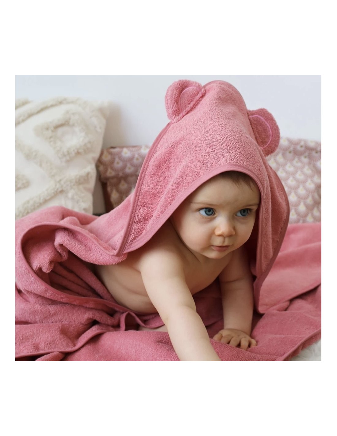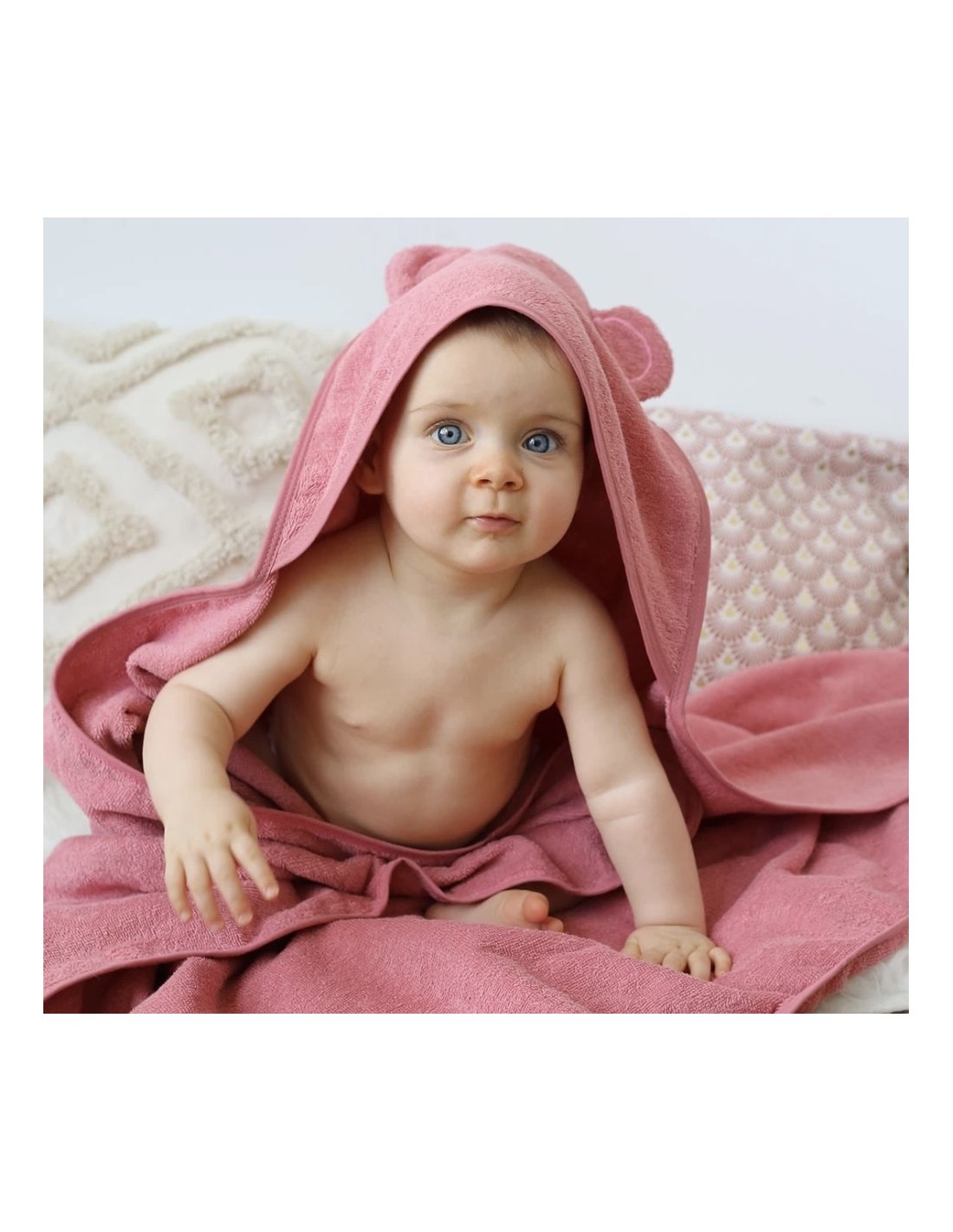 Une belle cape de bain 100x100 cm pour couvrir tout le petit corps de votre mini ! Elle est aussi douce et mignonne que l'ourson aux petites oreilles qu'elle représente !
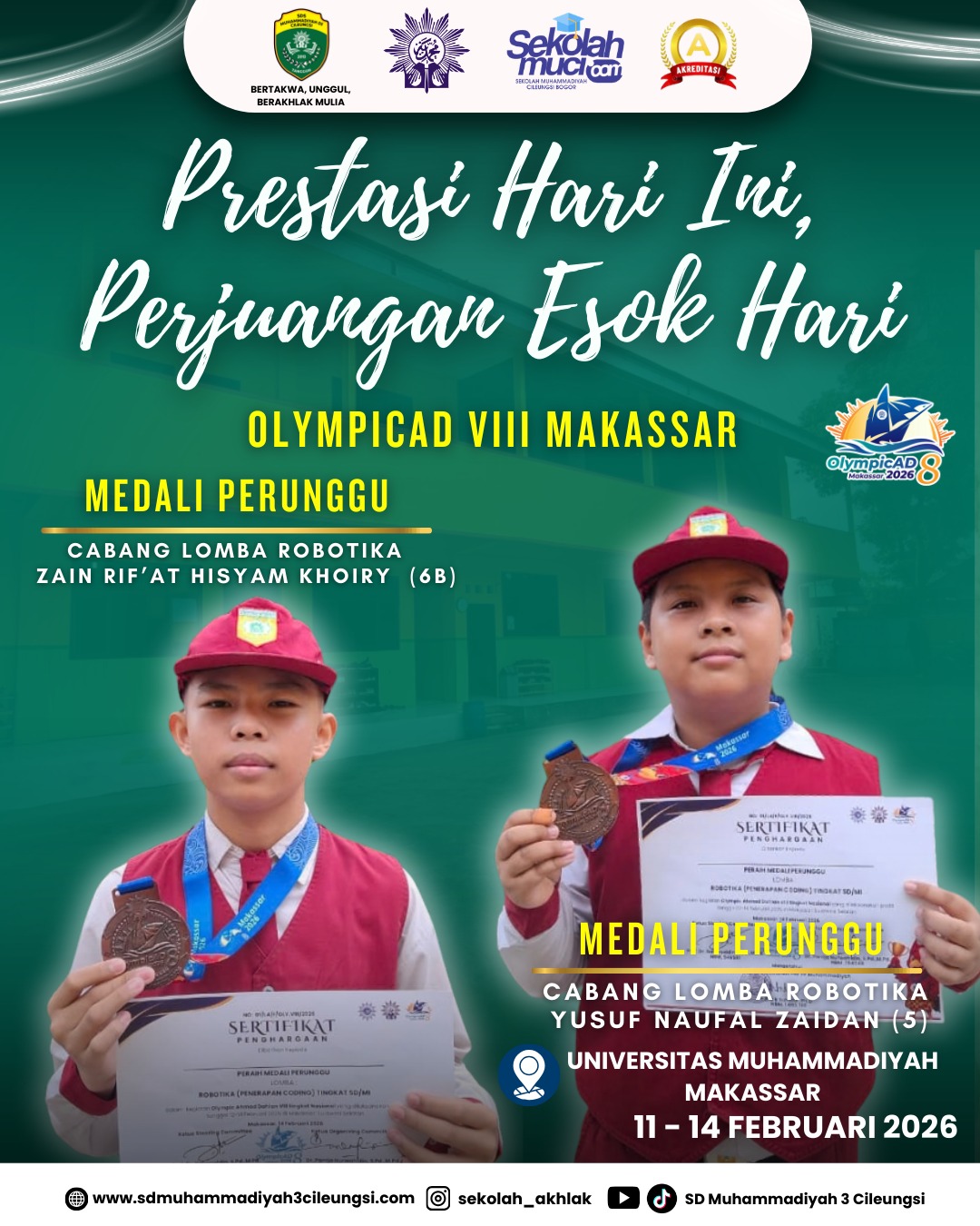 Terima kasih kepada orang tua siswa yg sudah mengizinkan putranya mengikuti lomba, kepada guru pembimbing sekaligus pendamping lomba Ust. Faiz, dewan guru dan staf, serta seluruh orang tua siswa atas dukungan dan doanya. 🙏🏼
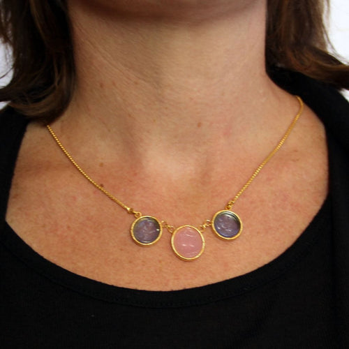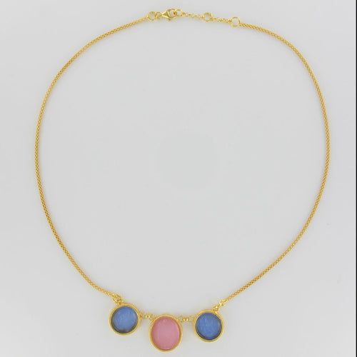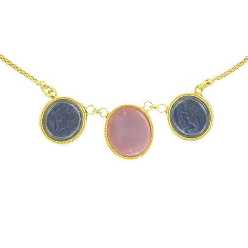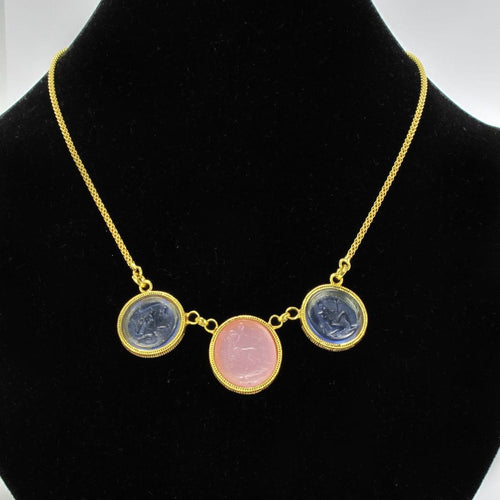 - It is made up of 3 intaglios on glass paste set closed held by a snake chain. The clasp is a spring ring.
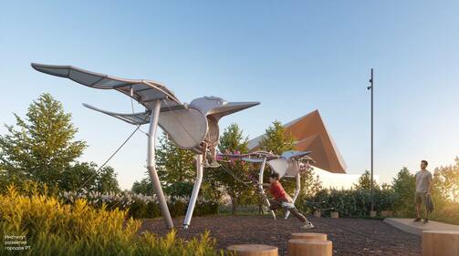 Цапли станут доминантой нового игрового пространства. Они видны издалека и притягивают внимание не только своими внушительными размерами, но и крыльями, которыми активно машут. Авторы «птичек» — бюро АФА и Richter Spielgeräte.
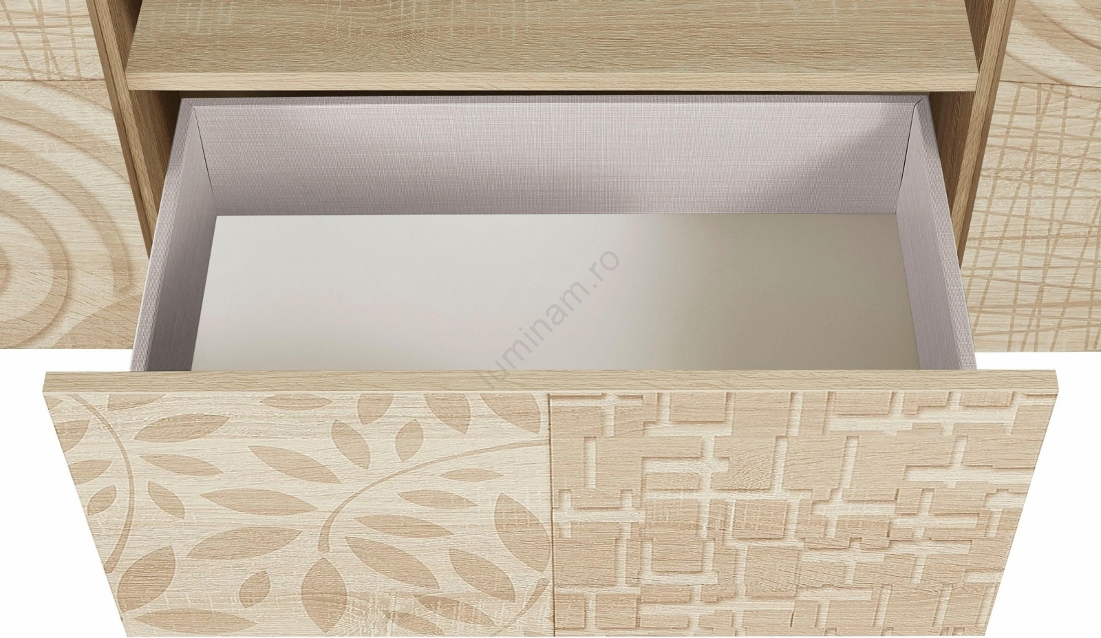 • Compartimentele, sertarul și rafturile oferă spațiu pentru cărți, decorațiuni și articole pentru casă.
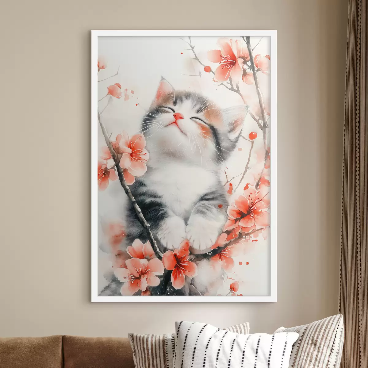 Plakatas Mielas kačiukas ant šakos su gėlėmis f40734
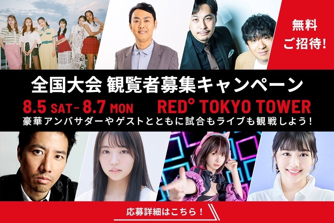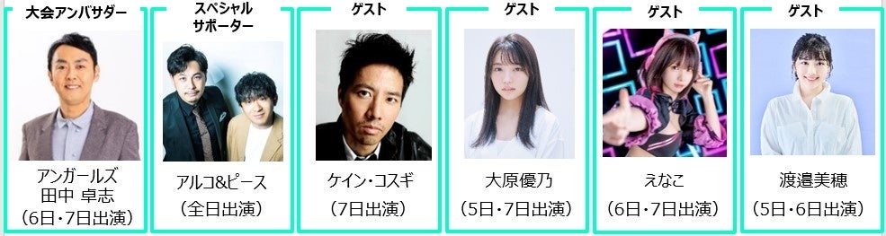 アンガールズ田中卓志さんやアルコ&ピースさんなどが大会のサポーターとして参加し、ケイン・コスギさんやえなこさんなどのゲストも登場します。
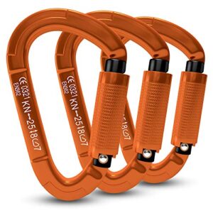 FVW 3ピース 高耐久 クライミングカラビナ 25KN 自動ロックロッククライミングカラビナクリップ ハンモック スイング 犬用リーシュ ハーネス キャンプ ハイキング ユーティリティ用 (シルバー)
#####
● **Activity**:
Reproduce the full listing verbatim so that only the pictures are missing.

● **Answer to this task**:
 Une belle cape de bain 100x100 cm pour couvrir tout le petit corps de votre mini ! Elle est aussi douce et mignonne que l'ourson aux petites oreilles qu'elle représente !
 Terima kasih kepada orang tua siswa yg sudah mengizinkan putranya mengikuti lomba, kepada guru pembimbing sekaligus pendamping lomba Ust. Faiz, dewan guru dan staf, serta seluruh orang tua siswa atas dukungan dan doanya. 🙏🏼
 - It is made up of 3 intaglios on glass paste set closed held by a snake chain. The clasp is a spring ring.
 Цапли станут доминантой нового игрового пространства. Они видны издалека и притягивают внимание не только своими внушительными размерами, но и крыльями, которыми активно машут. Авторы «птичек» — бюро АФА и Richter Spielgeräte.
 • Compartimentele, sertarul și rafturile oferă spațiu pentru cărți, decorațiuni și articole pentru casă.
 Plakatas Mielas kačiukas ant šakos su gėlėmis f40734
 アンガールズ田中卓志さんやアルコ&ピースさんなどが大会のサポーターとして参加し、ケイン・コスギさんやえなこさんなどのゲストも登場します。
 FVW 3ピース 高耐久 クライミングカラビナ 25KN 自動ロックロッククライミングカラビナクリップ ハンモック スイング 犬用リーシュ ハーネス キャンプ ハイキング ユーティリティ用 (シルバー)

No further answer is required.